# DATA BELOW
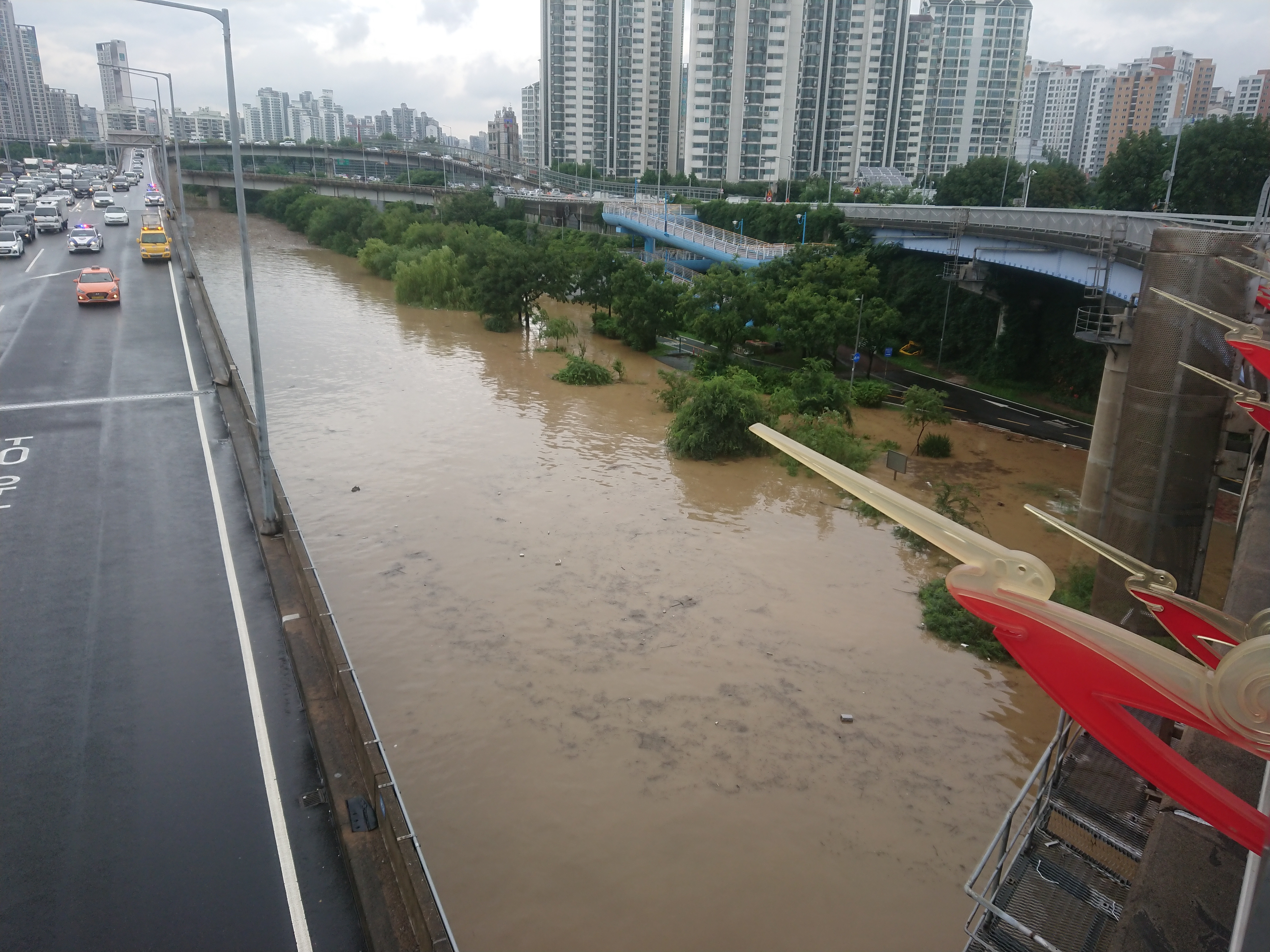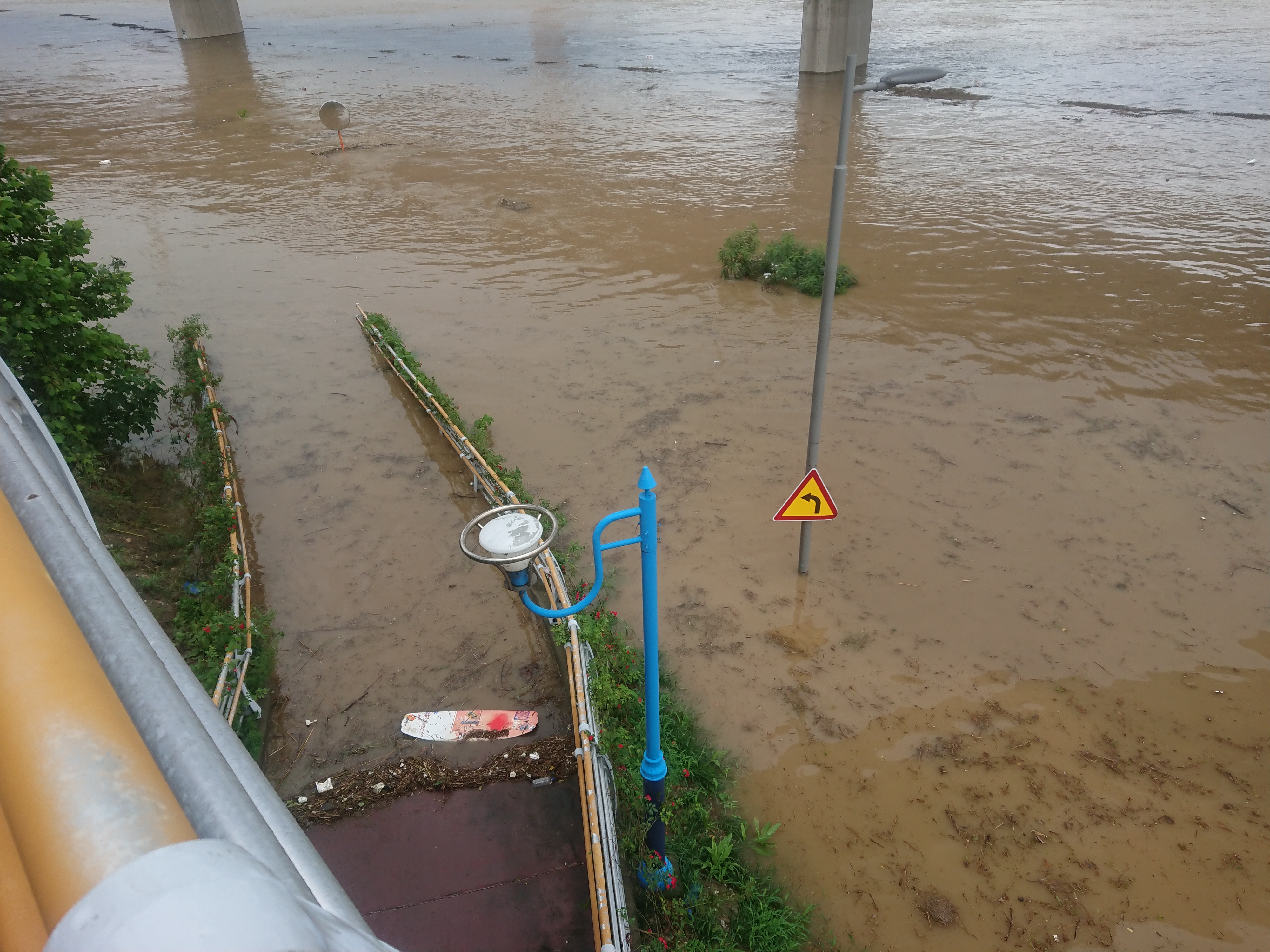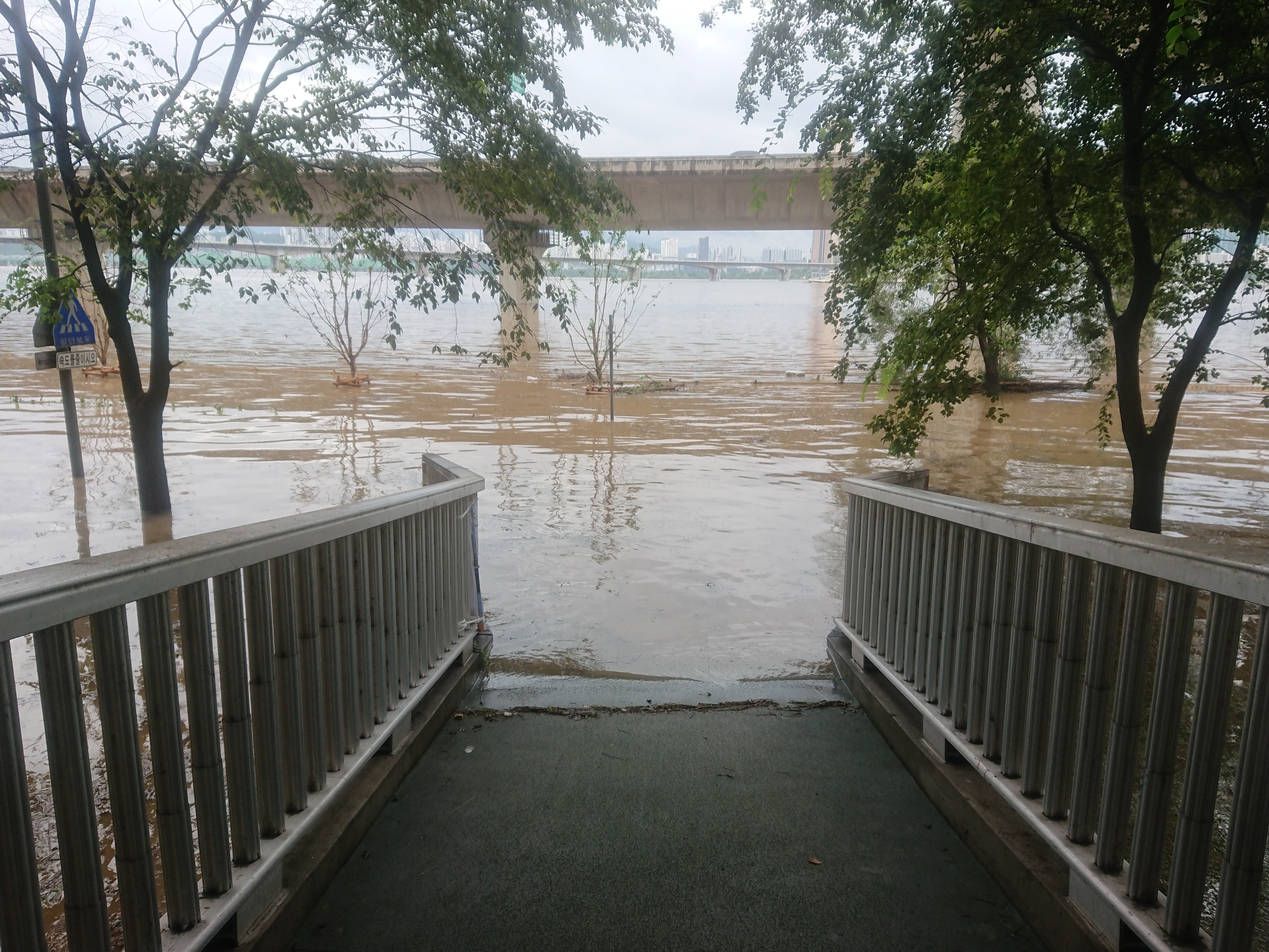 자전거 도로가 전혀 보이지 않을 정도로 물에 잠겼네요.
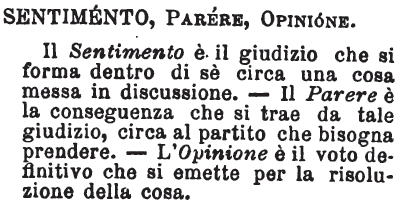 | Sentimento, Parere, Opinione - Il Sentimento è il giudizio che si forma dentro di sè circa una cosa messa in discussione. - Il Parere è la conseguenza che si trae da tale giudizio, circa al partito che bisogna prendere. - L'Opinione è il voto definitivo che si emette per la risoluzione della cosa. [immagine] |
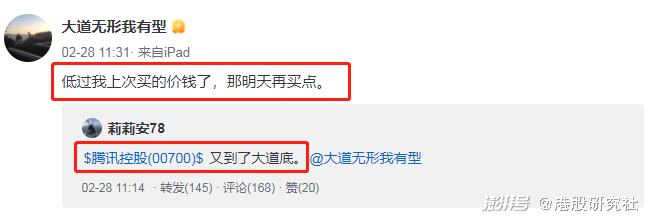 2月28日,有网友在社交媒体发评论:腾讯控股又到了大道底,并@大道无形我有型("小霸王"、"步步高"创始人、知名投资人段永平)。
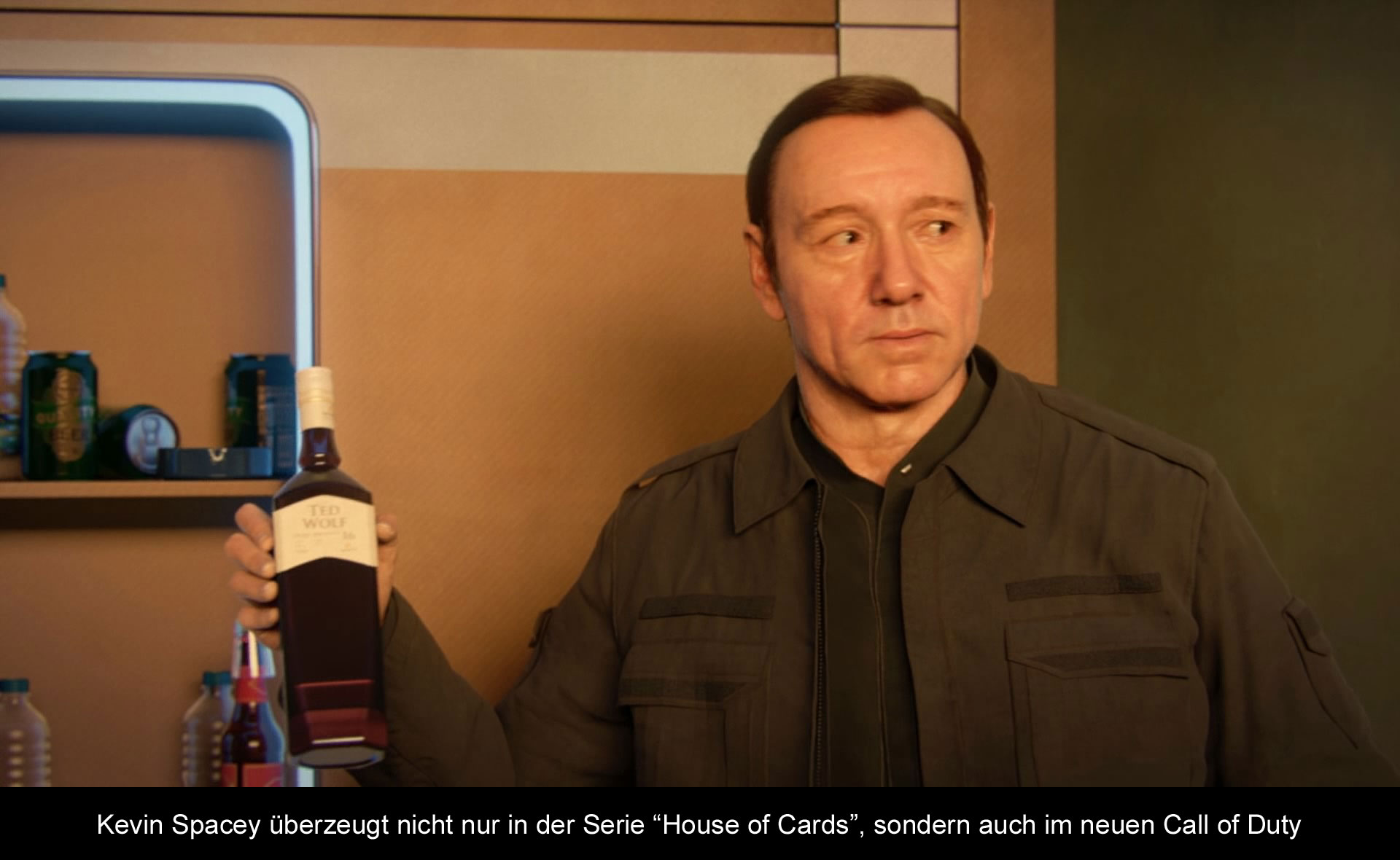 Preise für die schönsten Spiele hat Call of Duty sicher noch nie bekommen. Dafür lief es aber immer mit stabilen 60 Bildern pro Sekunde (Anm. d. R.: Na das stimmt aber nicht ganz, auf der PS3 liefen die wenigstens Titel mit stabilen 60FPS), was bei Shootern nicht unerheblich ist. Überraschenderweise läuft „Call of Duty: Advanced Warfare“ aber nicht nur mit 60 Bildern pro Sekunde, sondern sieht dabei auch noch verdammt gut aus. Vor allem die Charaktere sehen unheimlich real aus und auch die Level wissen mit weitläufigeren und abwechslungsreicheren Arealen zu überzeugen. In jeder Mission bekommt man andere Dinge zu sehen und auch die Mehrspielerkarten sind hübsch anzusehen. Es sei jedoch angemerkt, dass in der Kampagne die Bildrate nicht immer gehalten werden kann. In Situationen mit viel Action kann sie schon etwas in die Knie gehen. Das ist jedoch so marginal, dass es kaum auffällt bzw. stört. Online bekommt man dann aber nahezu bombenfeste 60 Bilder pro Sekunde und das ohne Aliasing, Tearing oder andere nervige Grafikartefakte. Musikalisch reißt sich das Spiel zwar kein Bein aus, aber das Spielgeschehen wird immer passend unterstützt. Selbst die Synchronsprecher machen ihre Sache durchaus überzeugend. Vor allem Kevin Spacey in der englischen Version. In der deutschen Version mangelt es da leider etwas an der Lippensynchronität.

# TASK BRIEF
What is needed is an exact copy of the lines above from the one with "cosa. [immagine] |" to the one with "2月28日,有网友在社交媒体", both ends kept, and nothing more; please leave the pictures out.

# SOLVED PROBLEM
 | Sentimento, Parere, Opinione - Il Sentimento è il giudizio che si forma dentro di sè circa una cosa messa in discussione. - Il Parere è la conseguenza che si trae da tale giudizio, circa al partito che bisogna prendere. - L'Opinione è il voto definitivo che si emette per la risoluzione della cosa. [immagine] |
 2月28日,有网友在社交媒体发评论:腾讯控股又到了大道底,并@大道无形我有型("小霸王"、"步步高"创始人、知名投资人段永平)。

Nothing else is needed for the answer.